Visual Representation

VTube Studio — Live2D model display on desktop (macOS) and mobile (iOS/Android)
VTube Studio WebSocket API used to drive expressions from the AI pipeline
LVGL — simplified animated face on ESP32-S3-BOX-3 units
Live2D model: to be sourced/commissioned (nizima.com or booth.pm)

Room Presence (Smart Speaker Replacement)
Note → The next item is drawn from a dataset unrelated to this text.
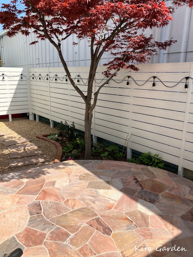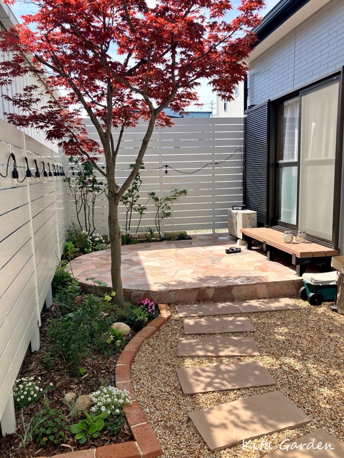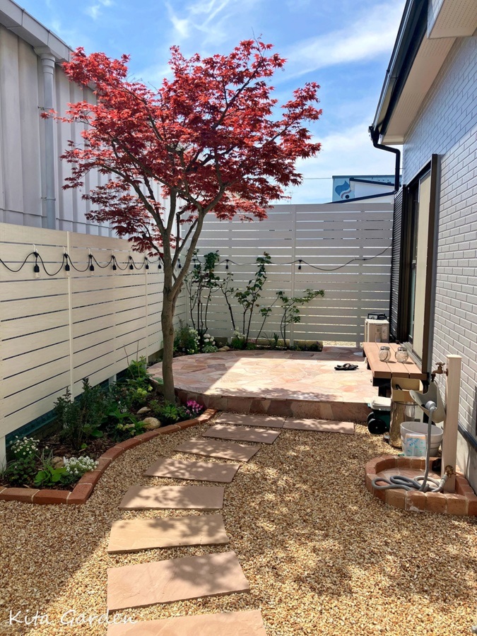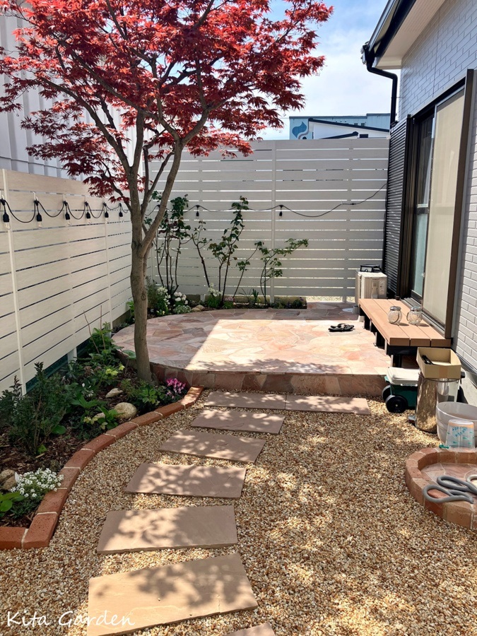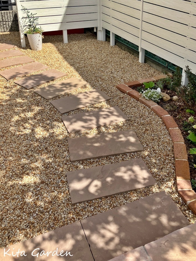 さらに、インド砂岩の飛び石を配置し、庭の中を歩くのが楽しくなる小道のようなデザインに仕上げました。

ESP32-S3-BOX-3 units — one per room
Flashed with ESPHome
Acts as Wyoming Satellite (mic input → Mac Mini → TTS audio back)
LVGL display shows animated face + status info
Communicates over local WiFi

Infrastructure

Docker Desktop for Mac — containerises Home Assistant, Open WebUI, n8n, etc.
Tailscale — secure remote access to all services, no port forwarding
Authelia — 2FA authentication layer for exposed web UIs
Portainer — Docker container management UI
Uptime Kuma — service health monitoring and mobile alerts
Gitea — self-hosted Git server for all project code and configs
code-server — browser-based VS Code for remote development

Voice Pipeline (End-to-End)

ESP32-S3-BOX-3 (room)
  → Wake word detected (openWakeWord, runs locally on device or Mac Mini)
  → Audio streamed to Mac Mini via Wyoming Satellite
  → Whisper MLX transcribes speech to text
  → HA conversation agent → OpenClaw HTTP Bridge
  → Bridge resolves character (satellite_id → character mapping)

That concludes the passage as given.